The former NFL player alleged injury to himself, as well as economic loss, loss of services and loss of the right of association and companionship with his then-wife, who was also a party to the lawsuit. She alleged a loss of “marital services,” companionship, affection or society, loss of support, and monetary losses in the form of unreimbursed costs she had to expend for her husband’s health and personal care.

The lawsuit, filed in the U.S. District Court for the Eastern District of Pennsylvania, was one of more than 200 concussion-related court filings made around the country by about 4,500 players, according to USA Today. The disparate pieces of litigation were eventually compiled into a master complaint in Philadelphia, which was resolved with a $765 million settlement in 2013.

Owens said in a statement that he was “grateful for the increased education that came from this lawsuit and others similar.”

“Understanding the dangers of concussions has made me a much more empathetic person to those suffering and the nearly 50 million people in this country who suffer from mental illness,” he said. “I was lucky to not have dealt with near as many hits as others did, but unfortunately I have seen friends put in wheelchairs, struggle with depression and lose much of their functionality.”

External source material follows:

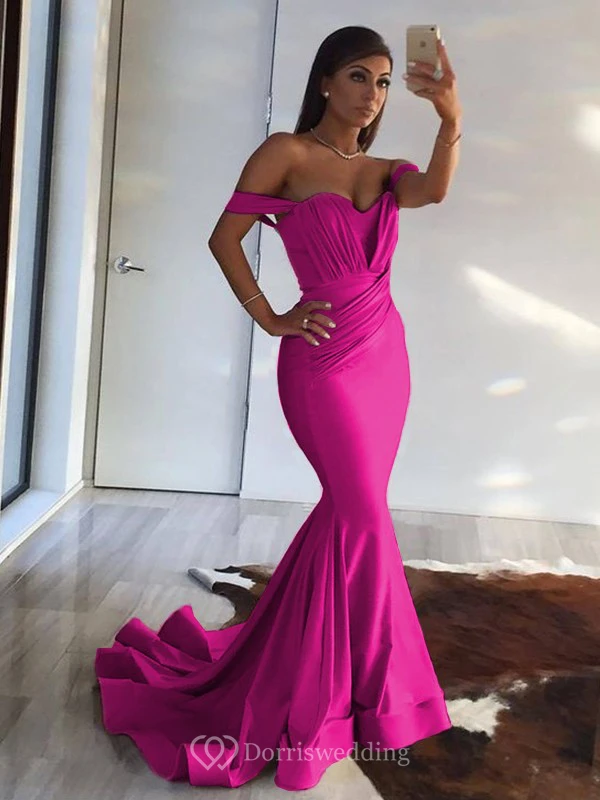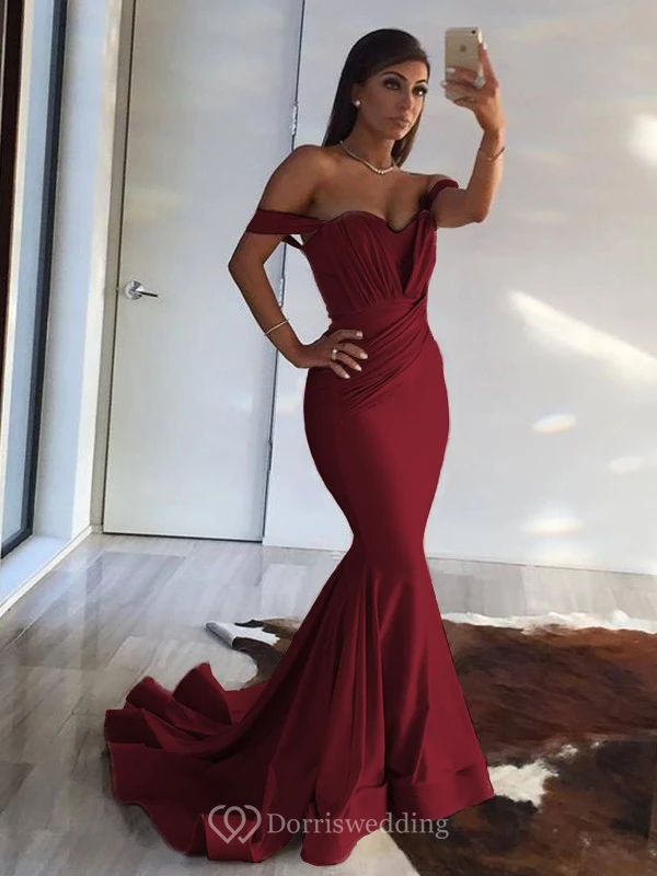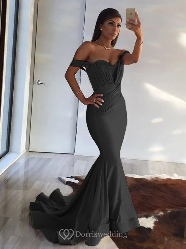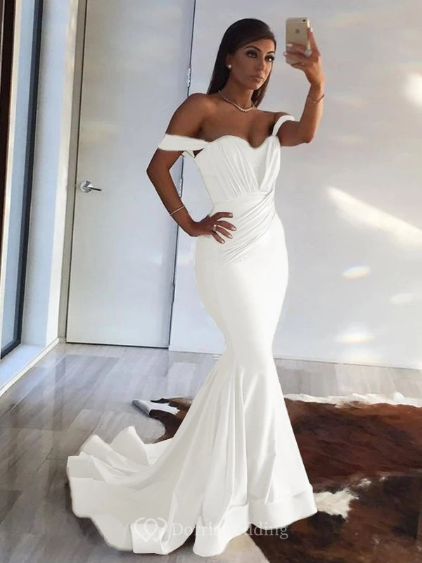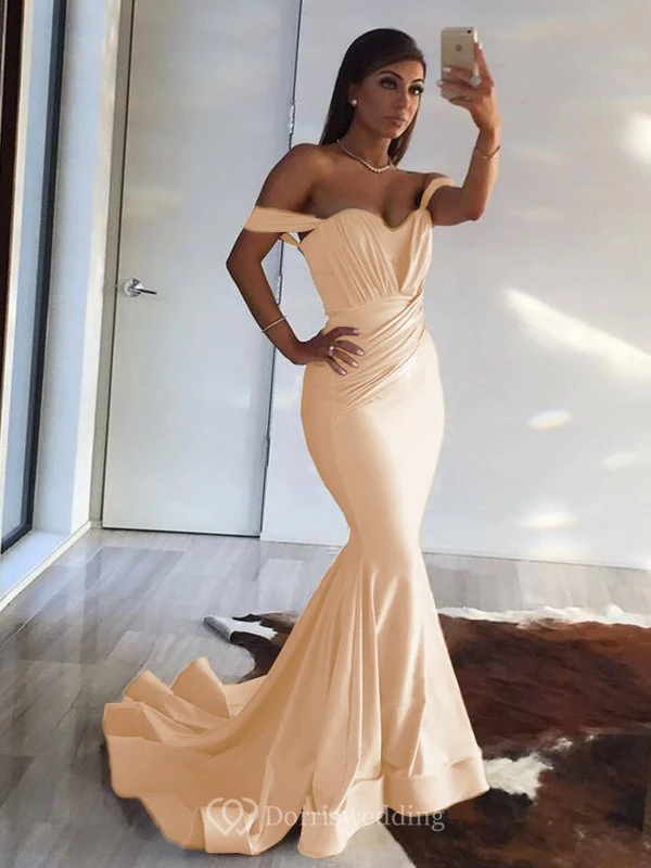 Sexy Mermaid Off-the-shoulder Sheath Champagne Ruched Evening Prom Dress

These class-action lawsuits, his campaign said, were “imperative” in changing the NFL’s concussion protocol to protect players today.

It’s unclear how much money Owens received as part of the settlement, and he declined to say as part of his response to The Tribune.

Since retiring from the NFL, Owens has founded the Utah-based nonprofit organization Second Chance 4 Youth. He is also the author of the books “Liberalism or How to Turn Good Men into Whiners, Weenies and Wimps” and “Why I Stand: From Freedom to the Killing Fields of Socialism,” and is a frequent Fox News commentator.

Owens announced in November that he would run for Congress on a four-point platform focused on education, charity, industry and families. In June, he won the Republican nomination in a four-way primary contest with 44% of the vote. He’ll go on to face McAdams in November.

Utah Republican Party Chairman Derek Brown declined to comment for this story, saying he was “not familiar with that issue” — an indication that Owens had not informed the party of the cognitive issues he’s claimed resulted from his head injuries. Owens did not answer a question about whether he had discussed his condition with the party.

McAdams’ campaign also declined a request for comment.